Travel destinations shifted their promotional efforts to the virtual world, allowing travelers to experience world wonders from the comfort of their couch like a 360-degree view of the lush greenery of the Amazon rainforest, watching whales surface the sea or admiring northern lights in the Arctic.
Landmark buildings across the world open their digital doors too: The Musée du Louvre offered digital walks guided by their art curators, the Vatican Sistine allowed visitors to enjoy a 360-degree view of the Sistine Chapel and the London Globe Theatre streamed recorded Shakespeare plays.
To stream or not to stream
With the world jumping on the virtual act, the few surviving OTAs from the crisis embraced the technology to stay relevant in this brave new world.
Virtual worlds are the new shopping malls for users and travel companies. People can chill out in virtual islands hosted by travel brands, allowing users to digitally experience its travel products beforehand and online gamers are offered discount codes and awards sponsored by OTAs.
But the biggest winners in the redefined travel space are the big tech giants keeping millions of users locked in their virtual platforms.
China’s streaming service Taobao Live, owned by Alibaba, started featuring online experiences back in early-2020 for zoos, museums and all types of tourist spots, expanding revenue streams by cross selling physical souvenirs delivered to the users home.
Google platforms such as Maps, YouTube and Google Arts&Culture, become major platforms for travel brands, streamlining interactive content and channeling users to the shopping funnel.
The golden goose left in travel
The surviving industry players will throw their commercial, digital and operational resources at the only travel segment that keeps thriving 2023 onwards: the upper crust of society with the purchasing power to jet around the world and enjoy its wonders in-person.
Travel for these elite does not change dramatically to what it was before the crisis, with the benefit of enjoying the experience without hordes of other tourists. Strict hygiene standards and health buffer zones are a given in any airline business classes and luxury resorts across the world.

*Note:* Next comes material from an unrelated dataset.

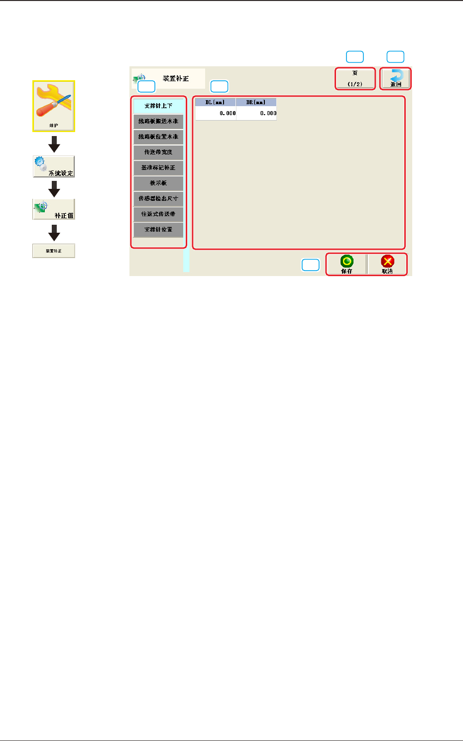 3OM-1732 2-2-2 补正值数据分为以下界面,按下 Tab,便显示各选项卡。 Table3B2-1 Tab 内 容 装置补正 ( 补正值 ) 调整从线路板定位 XY 坐标看到的对 XY 横梁驱动 XY 标的设定尺寸 的位置偏离以及角度偏离。 送料器安装台 分别调整各送料器安装台设计值的偏离量。 送料器 A 用装置固有的补正值数据调整从线路板定位 XY 坐标看到的各送料 器编号的送料器对吸取位置及高度的设计尺寸的位置偏离。 送料…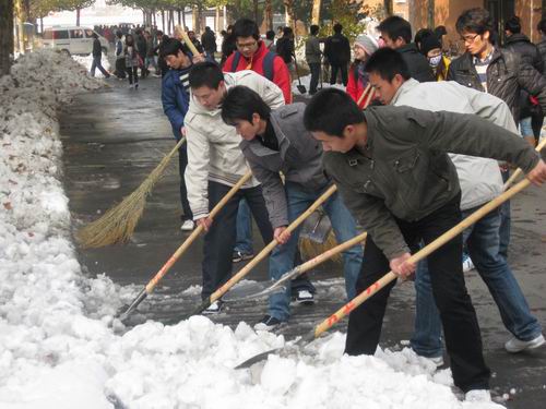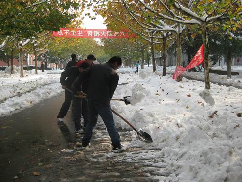 久违的瑞雪增添了几分喜庆,整个校园被笼罩在一片白色的世界中。为保证校园道路的通畅, 2009年11月12日下午和11月13日下午,企业管理系组织部分教工和员工投入到了扫雪铲冰的行动中。

Top tourist attractions across the world transform their visitor facilities originally designed for mass tourism into exclusive lounges offering health and wellness services and trendy cocktail bars.
Virtual services also become a key visitor feature, including AR headsets allowing to virtually experience the Volcano's eruption in Pompeii or the thunderously collapse of ice mountains in the Perito Moreno glacier.
A final word
Management Guru Peter Drucker famously quoted: “The greatest danger in times of turbulence is not the turbulence; it is to act with yesterday’s logic.”

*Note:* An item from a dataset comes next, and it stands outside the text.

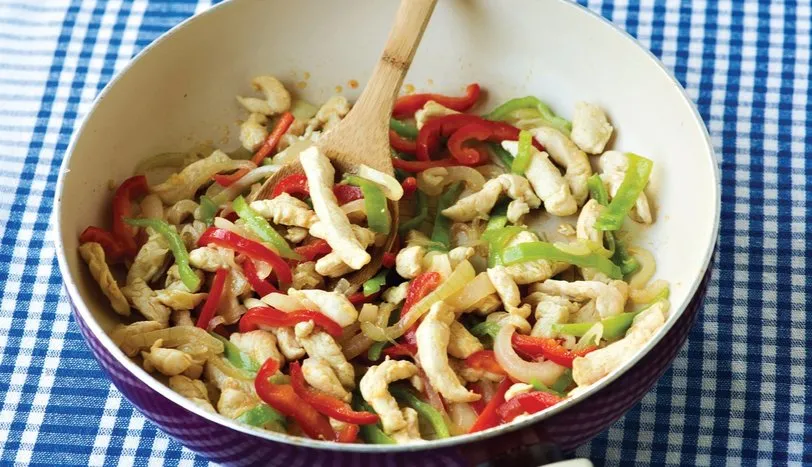 Tavuklu köri sosu tarifi nasıl yapılır. Kuşbaşı doğranmış 600 gram tavuk göğsünü aktarın. Köri soslu tavuk tarifi için tavuk göğsünü ve biberleri jülyen doğrayalım. Köri soslu tavuk tarifi yapılışı.

This logic shaped by the past and sustained by our business-as-usual way of working and planning will be of little use in the huge crisis that the world is facing today.
Everybody in travel is starting from ground zero and will need to reinvent themselves to some degree.
The four scenarios over these recent article aim to be a guiding light, illustrating directions our industry might be heading to.
Those who craft suitable strategies for each possible outcome and identify new opportunities for consumer products, will increase their chances to survive and carve out competitive niches in this brave new world.